• _Work task_: Copy everything in the records exactly; the pictures stay out.

• _Data records_:
==================================================

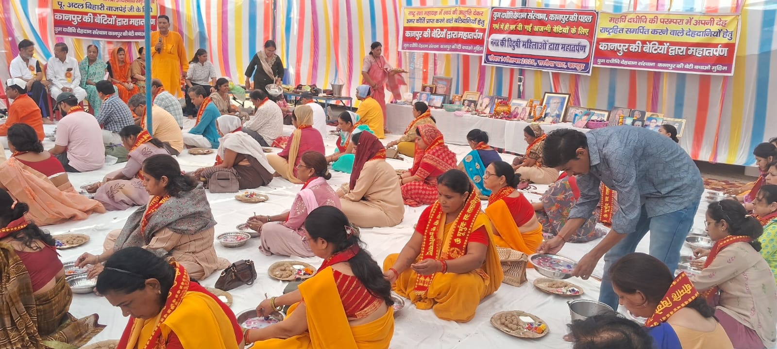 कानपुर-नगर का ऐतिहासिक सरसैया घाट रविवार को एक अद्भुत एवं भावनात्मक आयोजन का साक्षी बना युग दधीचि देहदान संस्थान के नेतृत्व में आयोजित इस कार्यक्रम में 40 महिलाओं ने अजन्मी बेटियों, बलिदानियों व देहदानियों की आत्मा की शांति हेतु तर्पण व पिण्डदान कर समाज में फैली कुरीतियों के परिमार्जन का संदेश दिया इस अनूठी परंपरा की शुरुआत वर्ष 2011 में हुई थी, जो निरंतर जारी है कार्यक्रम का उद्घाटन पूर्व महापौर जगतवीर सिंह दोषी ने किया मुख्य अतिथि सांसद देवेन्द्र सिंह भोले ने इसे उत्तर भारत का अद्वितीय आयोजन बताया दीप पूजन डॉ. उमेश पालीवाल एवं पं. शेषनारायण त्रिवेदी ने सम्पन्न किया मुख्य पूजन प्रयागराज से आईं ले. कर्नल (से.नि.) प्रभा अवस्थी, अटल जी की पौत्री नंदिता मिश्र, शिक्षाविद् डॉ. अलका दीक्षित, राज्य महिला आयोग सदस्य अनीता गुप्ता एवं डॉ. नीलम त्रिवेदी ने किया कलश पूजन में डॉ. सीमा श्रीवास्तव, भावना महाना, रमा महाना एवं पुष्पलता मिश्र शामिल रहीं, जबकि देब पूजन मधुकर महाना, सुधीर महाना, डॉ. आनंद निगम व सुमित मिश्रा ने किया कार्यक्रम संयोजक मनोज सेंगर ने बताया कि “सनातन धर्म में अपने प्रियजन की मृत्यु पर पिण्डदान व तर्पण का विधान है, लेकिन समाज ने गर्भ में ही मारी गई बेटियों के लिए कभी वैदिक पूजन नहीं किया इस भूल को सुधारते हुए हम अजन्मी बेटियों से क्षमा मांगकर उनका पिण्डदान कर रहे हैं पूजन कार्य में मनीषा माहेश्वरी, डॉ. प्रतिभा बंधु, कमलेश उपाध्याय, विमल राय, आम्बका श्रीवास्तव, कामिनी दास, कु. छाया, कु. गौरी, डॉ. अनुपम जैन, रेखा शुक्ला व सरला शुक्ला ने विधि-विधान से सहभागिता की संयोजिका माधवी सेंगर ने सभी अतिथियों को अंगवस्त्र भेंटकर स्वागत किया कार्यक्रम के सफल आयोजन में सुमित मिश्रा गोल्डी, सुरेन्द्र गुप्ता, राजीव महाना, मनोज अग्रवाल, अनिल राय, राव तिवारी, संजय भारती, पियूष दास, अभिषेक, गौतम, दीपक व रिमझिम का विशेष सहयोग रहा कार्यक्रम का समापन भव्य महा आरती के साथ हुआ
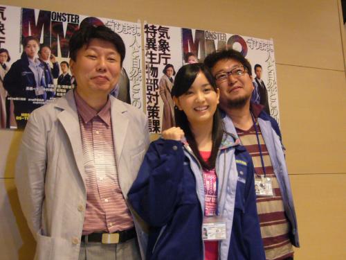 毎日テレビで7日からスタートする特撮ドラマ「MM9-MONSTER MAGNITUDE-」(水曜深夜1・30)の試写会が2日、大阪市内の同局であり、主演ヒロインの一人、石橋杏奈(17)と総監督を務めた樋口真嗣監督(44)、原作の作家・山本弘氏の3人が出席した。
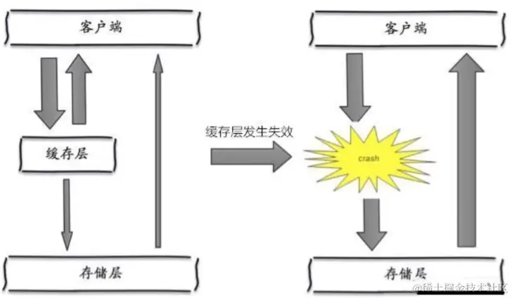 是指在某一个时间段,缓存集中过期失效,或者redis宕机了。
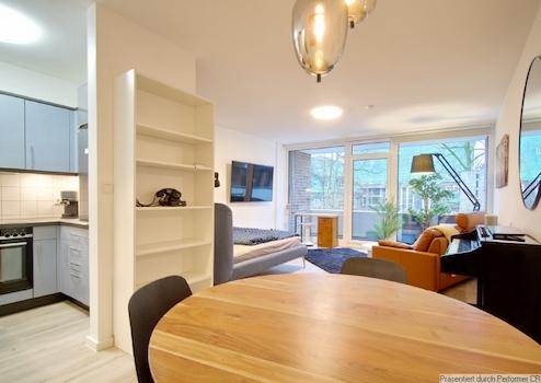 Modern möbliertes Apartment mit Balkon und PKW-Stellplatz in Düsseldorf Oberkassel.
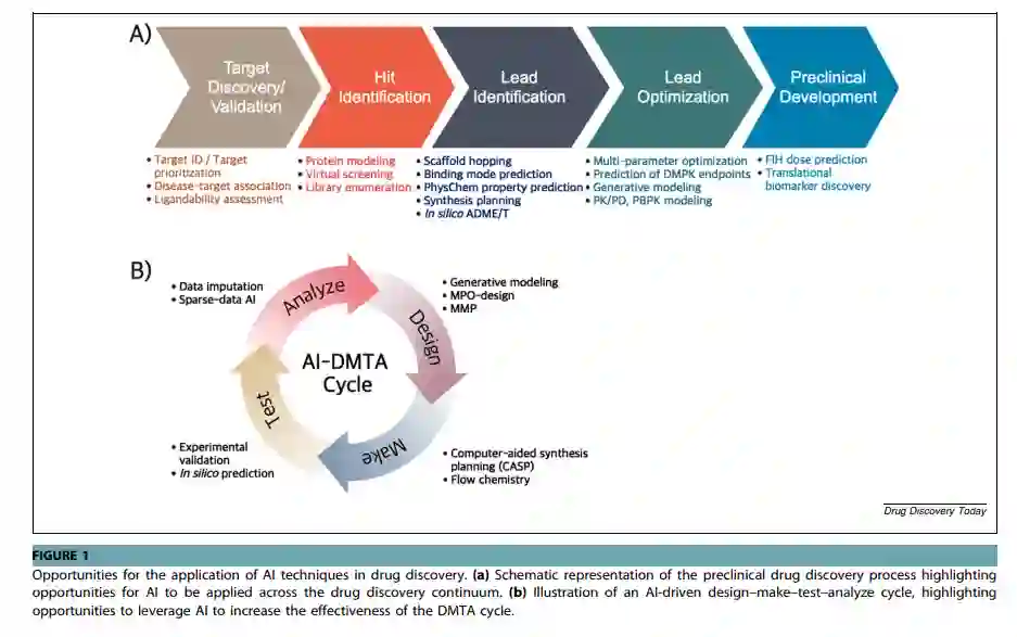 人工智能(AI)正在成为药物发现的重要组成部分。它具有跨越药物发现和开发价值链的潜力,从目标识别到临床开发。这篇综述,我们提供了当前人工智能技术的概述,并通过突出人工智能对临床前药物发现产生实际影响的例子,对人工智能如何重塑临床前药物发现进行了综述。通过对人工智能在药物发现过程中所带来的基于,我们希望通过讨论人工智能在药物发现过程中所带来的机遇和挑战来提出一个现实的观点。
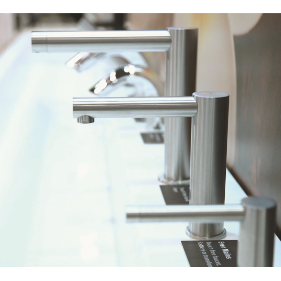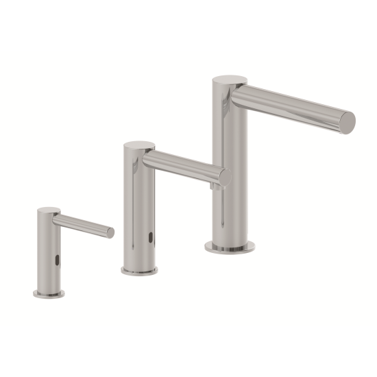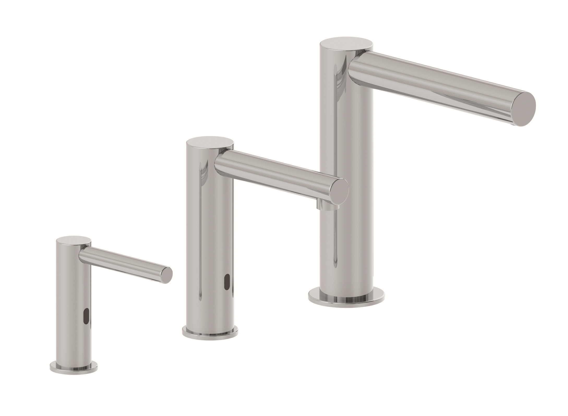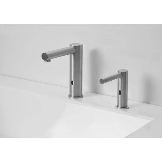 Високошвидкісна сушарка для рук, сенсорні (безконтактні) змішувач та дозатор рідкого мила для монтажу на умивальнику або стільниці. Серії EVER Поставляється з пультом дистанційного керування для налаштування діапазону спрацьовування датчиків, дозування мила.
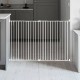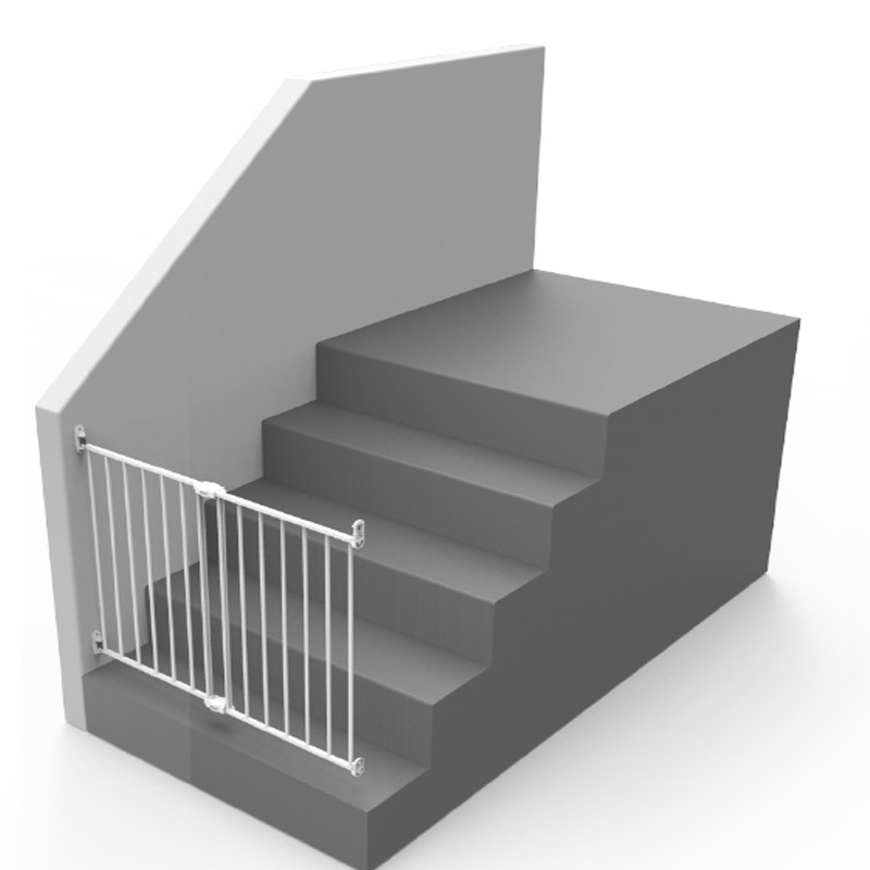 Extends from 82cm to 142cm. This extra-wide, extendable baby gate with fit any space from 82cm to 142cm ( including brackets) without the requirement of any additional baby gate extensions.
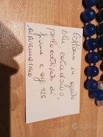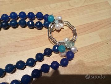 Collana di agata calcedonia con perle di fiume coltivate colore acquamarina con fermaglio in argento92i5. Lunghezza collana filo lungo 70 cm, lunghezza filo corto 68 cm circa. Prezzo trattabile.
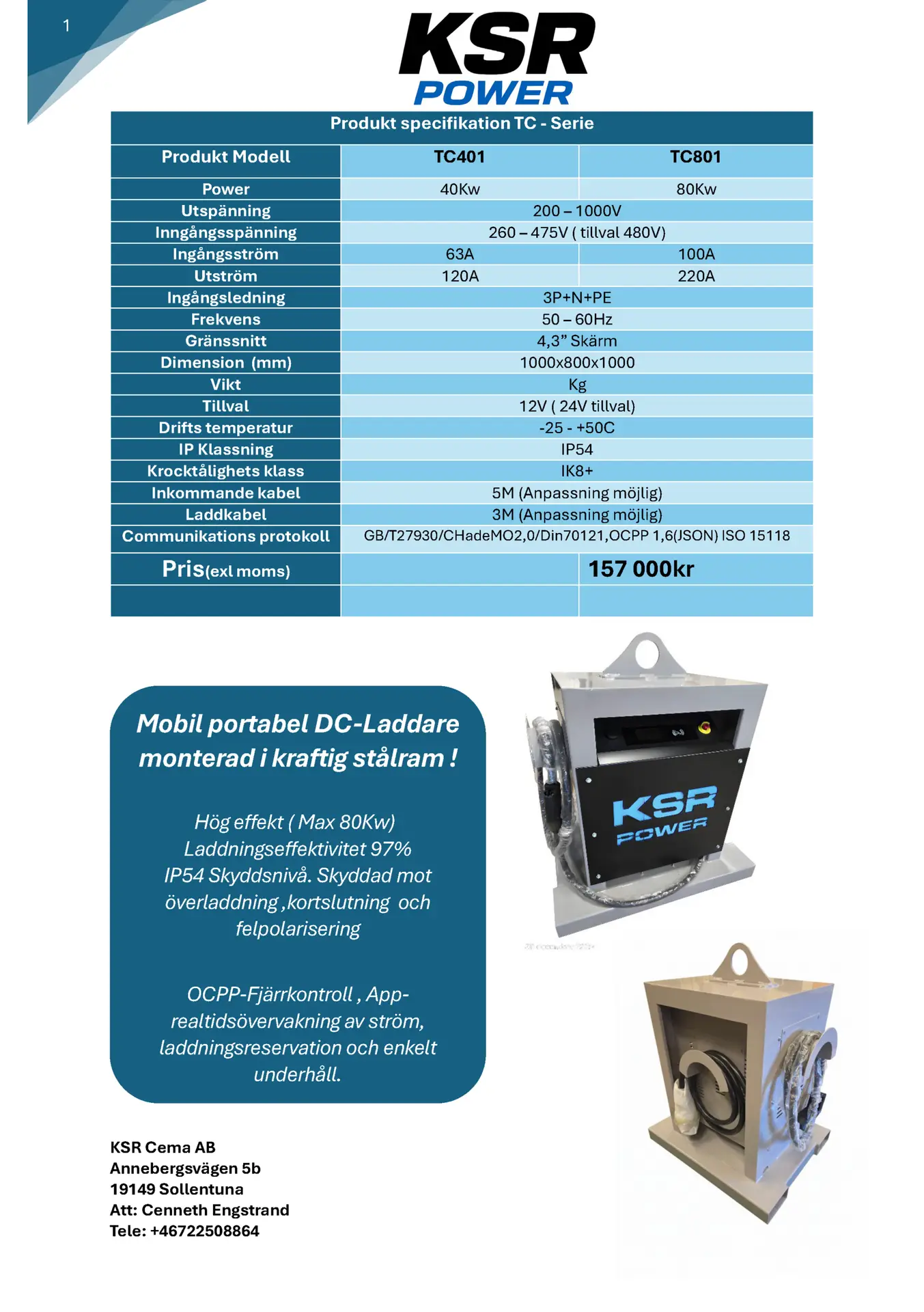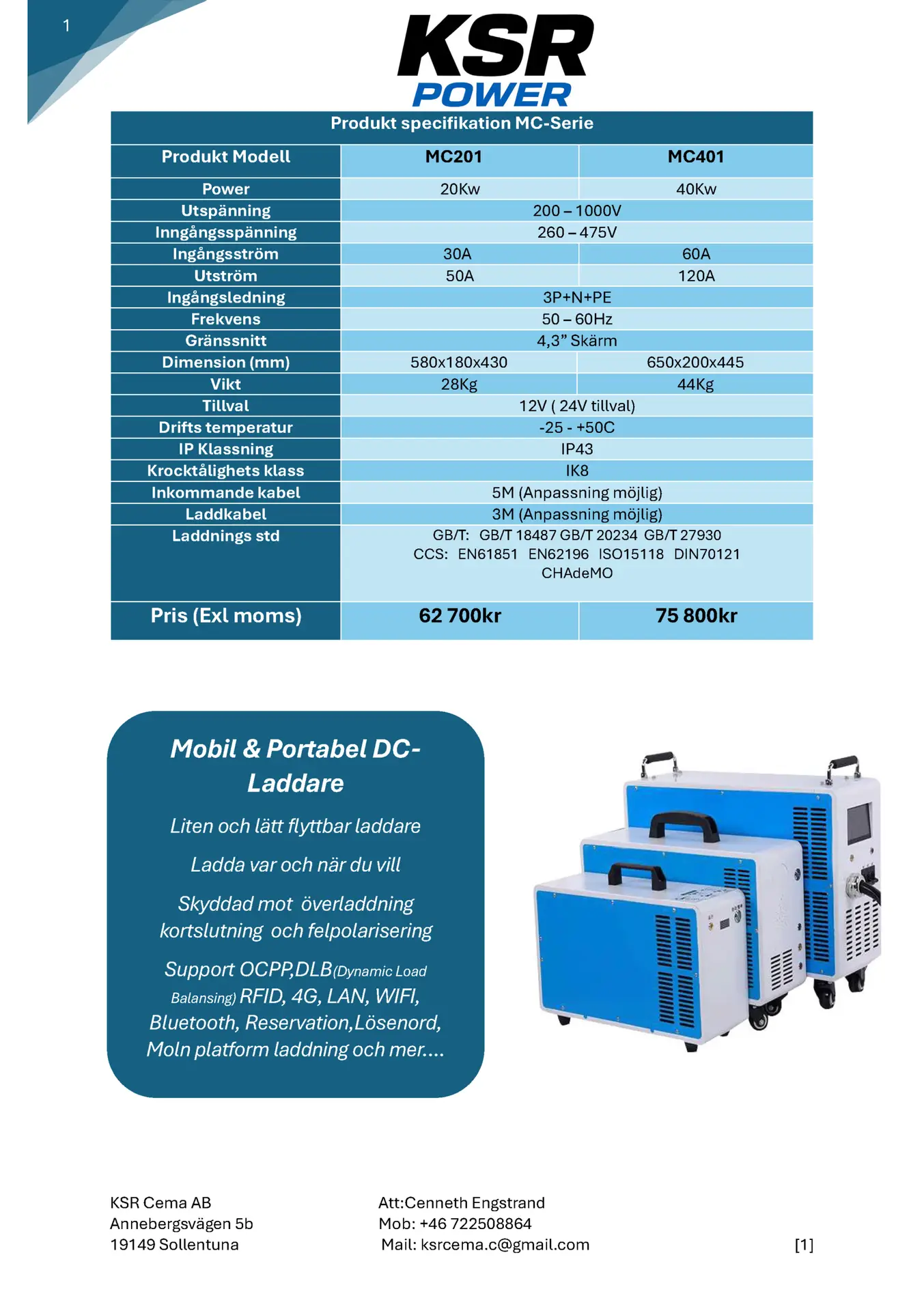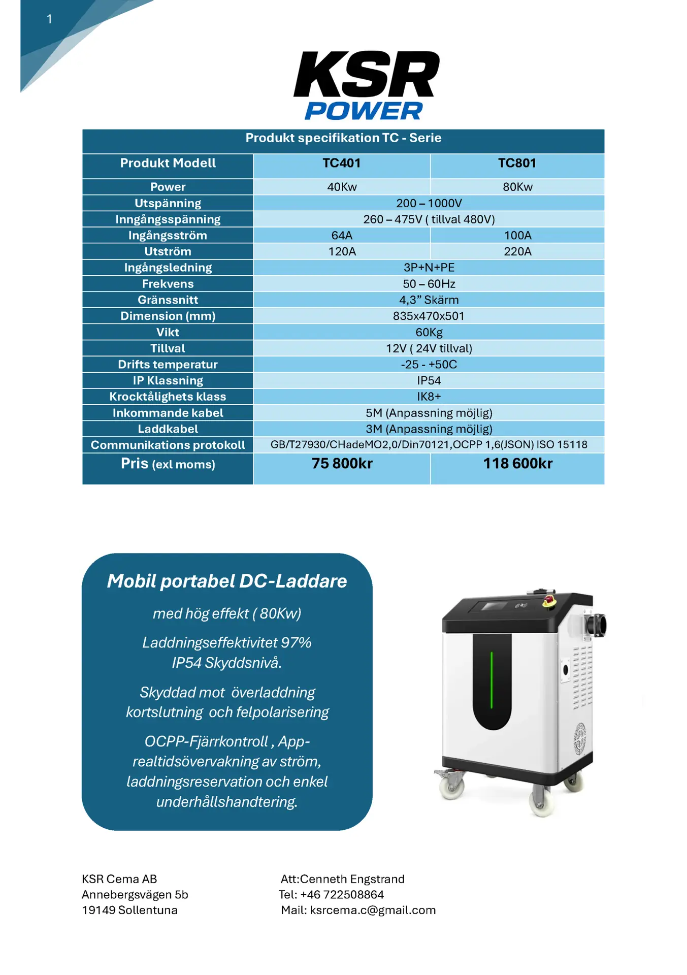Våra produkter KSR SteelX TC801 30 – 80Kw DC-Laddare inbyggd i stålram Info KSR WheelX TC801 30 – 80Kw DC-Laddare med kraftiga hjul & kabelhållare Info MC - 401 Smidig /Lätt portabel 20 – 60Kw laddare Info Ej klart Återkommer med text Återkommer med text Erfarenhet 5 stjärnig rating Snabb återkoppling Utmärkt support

==================================================

• _Expected answer_:
 कानपुर-नगर का ऐतिहासिक सरसैया घाट रविवार को एक अद्भुत एवं भावनात्मक आयोजन का साक्षी बना युग दधीचि देहदान संस्थान के नेतृत्व में आयोजित इस कार्यक्रम में 40 महिलाओं ने अजन्मी बेटियों, बलिदानियों व देहदानियों की आत्मा की शांति हेतु तर्पण व पिण्डदान कर समाज में फैली कुरीतियों के परिमार्जन का संदेश दिया इस अनूठी परंपरा की शुरुआत वर्ष 2011 में हुई थी, जो निरंतर जारी है कार्यक्रम का उद्घाटन पूर्व महापौर जगतवीर सिंह दोषी ने किया मुख्य अतिथि सांसद देवेन्द्र सिंह भोले ने इसे उत्तर भारत का अद्वितीय आयोजन बताया दीप पूजन डॉ. उमेश पालीवाल एवं पं. शेषनारायण त्रिवेदी ने सम्पन्न किया मुख्य पूजन प्रयागराज से आईं ले. कर्नल (से.नि.) प्रभा अवस्थी, अटल जी की पौत्री नंदिता मिश्र, शिक्षाविद् डॉ. अलका दीक्षित, राज्य महिला आयोग सदस्य अनीता गुप्ता एवं डॉ. नीलम त्रिवेदी ने किया कलश पूजन में डॉ. सीमा श्रीवास्तव, भावना महाना, रमा महाना एवं पुष्पलता मिश्र शामिल रहीं, जबकि देब पूजन मधुकर महाना, सुधीर महाना, डॉ. आनंद निगम व सुमित मिश्रा ने किया कार्यक्रम संयोजक मनोज सेंगर ने बताया कि “सनातन धर्म में अपने प्रियजन की मृत्यु पर पिण्डदान व तर्पण का विधान है, लेकिन समाज ने गर्भ में ही मारी गई बेटियों के लिए कभी वैदिक पूजन नहीं किया इस भूल को सुधारते हुए हम अजन्मी बेटियों से क्षमा मांगकर उनका पिण्डदान कर रहे हैं पूजन कार्य में मनीषा माहेश्वरी, डॉ. प्रतिभा बंधु, कमलेश उपाध्याय, विमल राय, आम्बका श्रीवास्तव, कामिनी दास, कु. छाया, कु. गौरी, डॉ. अनुपम जैन, रेखा शुक्ला व सरला शुक्ला ने विधि-विधान से सहभागिता की संयोजिका माधवी सेंगर ने सभी अतिथियों को अंगवस्त्र भेंटकर स्वागत किया कार्यक्रम के सफल आयोजन में सुमित मिश्रा गोल्डी, सुरेन्द्र गुप्ता, राजीव महाना, मनोज अग्रवाल, अनिल राय, राव तिवारी, संजय भारती, पियूष दास, अभिषेक, गौतम, दीपक व रिमझिम का विशेष सहयोग रहा कार्यक्रम का समापन भव्य महा आरती के साथ हुआ
 毎日テレビで7日からスタートする特撮ドラマ「MM9-MONSTER MAGNITUDE-」(水曜深夜1・30)の試写会が2日、大阪市内の同局であり、主演ヒロインの一人、石橋杏奈(17)と総監督を務めた樋口真嗣監督(44)、原作の作家・山本弘氏の3人が出席した。
 是指在某一个时间段,缓存集中过期失效,或者redis宕机了。
 Modern möbliertes Apartment mit Balkon und PKW-Stellplatz in Düsseldorf Oberkassel.
 人工智能(AI)正在成为药物发现的重要组成部分。它具有跨越药物发现和开发价值链的潜力,从目标识别到临床开发。这篇综述,我们提供了当前人工智能技术的概述,并通过突出人工智能对临床前药物发现产生实际影响的例子,对人工智能如何重塑临床前药物发现进行了综述。通过对人工智能在药物发现过程中所带来的基于,我们希望通过讨论人工智能在药物发现过程中所带来的机遇和挑战来提出一个现实的观点。
 Високошвидкісна сушарка для рук, сенсорні (безконтактні) змішувач та дозатор рідкого мила для монтажу на умивальнику або стільниці. Серії EVER Поставляється з пультом дистанційного керування для налаштування діапазону спрацьовування датчиків, дозування мила.
 Extends from 82cm to 142cm. This extra-wide, extendable baby gate with fit any space from 82cm to 142cm ( including brackets) without the requirement of any additional baby gate extensions.
 Collana di agata calcedonia con perle di fiume coltivate colore acquamarina con fermaglio in argento92i5. Lunghezza collana filo lungo 70 cm, lunghezza filo corto 68 cm circa. Prezzo trattabile.
Våra produkter KSR SteelX TC801 30 – 80Kw DC-Laddare inbyggd i stålram Info KSR WheelX TC801 30 – 80Kw DC-Laddare med kraftiga hjul & kabelhållare Info MC - 401 Smidig /Lätt portabel 20 – 60Kw laddare Info Ej klart Återkommer med text Återkommer med text Erfarenhet 5 stjärnig rating Snabb återkoppling Utmärkt support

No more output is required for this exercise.